THIOURAYE OU LA POLLUTION DOMICILIAIRE
Selon Pape S Agne, ces composés organiques volatils (COV) sont constitués d’irritants pour les muqueuses exposées (œil, nez et bronches) et de stimulants pour le système immunitaire
Le thiouraye, encens mêlé à du parfum que les femmes sénégalaises utilisent pour la désodorisation des habitations, fait partie intégrante de « la pollution intradomiciliaire », qui n’est pas sans conséquences sur la santé, souligne le médecin pneumologue allergologue et urgentiste, Pape Samba Agne.
« D’une manière générale, le Thiouraye est fait de matières végétales et de produits chimiques divers, surtout des parfums. Le mélange est gardé dans des pots hermétiques pendant des périodes plus ou moins longues. C’est ce produit fini qui est mis dans une braise. Il dégage de la fumée pour donner une odeur agréable’’, avance-t-il dans un entretien avec l’APS.

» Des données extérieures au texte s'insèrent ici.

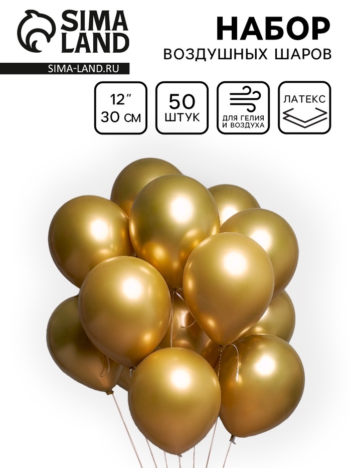 Воздушные шары латексные 12" «Хром», 50 шт., золотые

« Parfois, on ouvre seulement le pot de thiouraye pour qu’il dégage cette odeur sans combustion. Ces produits végétaux et chimiques sont des composés organiques volatils (particules organiques qui sont dans l’atmosphère) et sont à l’origine d’une pollution intradomiciliaire », ajoute docteur Agne.
Selon ce médecin en service au Centre hospitalier national universitaire (CHNU) de Fann, ces composés organiques volatils (COV) sont constitués d’irritants pour les muqueuses exposées (œil, nez et bronches) et de stimulants pour le système immunitaire.

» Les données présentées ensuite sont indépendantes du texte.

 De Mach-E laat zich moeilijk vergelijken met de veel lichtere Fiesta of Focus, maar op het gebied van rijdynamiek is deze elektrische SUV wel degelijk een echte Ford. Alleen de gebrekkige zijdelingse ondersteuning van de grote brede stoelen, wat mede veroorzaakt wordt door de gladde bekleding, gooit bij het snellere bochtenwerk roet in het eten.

Par conséquent, « ils peuvent conduire à des réactions d’irritation comme des yeux qui piquent, des éternuements, des toux et même des difficultés respiratoires et peuvent aussi provoquer ou entretenir des réactions allergiques », indique l’allergologue.
« Les désordres respiratoires dans la poitrine, en fait de la toux et de l’asthme, sont certainement plus graves que les gênes dans les yeux et le nez. Pourtant, la plupart des utilisateurs d’encens sont plus conscients de la gêne dans les yeux et le nez que celle dans la poitrine », observe le médecin sénégalais.
Il souligne par ailleurs que certaines personnes réalisent une combustion de l’encens enveloppé dans du papier aluminium pour diffuser l’odeur de l’encens sans la fumée. Mais ces personnes diffusent toujours des composés organiques volatils parce que « contrairement à ce que beaucoup pensent, ces COV ne proviennent pas de la fumée de l’encens, mais de l’encens lui-même ».
Le pneumologue rappelle que ces particules rendent plus difficiles les traitements pour les personnes déjà atteintes de maladies respiratoires comme l’asthme, « la première chose à faire dans ce cas, c’est d’éliminer tout ça de son environnement pour que le traitement soit plus efficace », conseille-t-il.
Interpellé sur la différence qu’il pourrait y avoir entre un consommateur de cigarette et un utilisateur d’encens, Pape Samba Agne souligne que dans la cigarette, il y a près de 4000 composés différents dont certains sont cancérigènes.
Pour l’encens, c’est relativement contesté. Il précise que « ce n’est pas établi avec certitude que l’encens est cancérigène mais il est certain que l’encens contient des produits potentiellement cancérigènes ».
Docteur Agne note par ailleurs que la fumée de tabac entraine la BPCO (Broncho-pneumopathie chronique obstructive), autrement qualifiée de « maladie du fumeur ».
Or, « aujourd’hui on trouve au Sénégal de plus en plus de femmes qui ont une BPCO sans avoir fumé. L’encens n’est pas à exclure comme l’une des causes. En réalité, la BPCO n’est pas une maladie des fumeurs, c’est une maladie liée à l’exposition à des fumées », constate le pneumologue.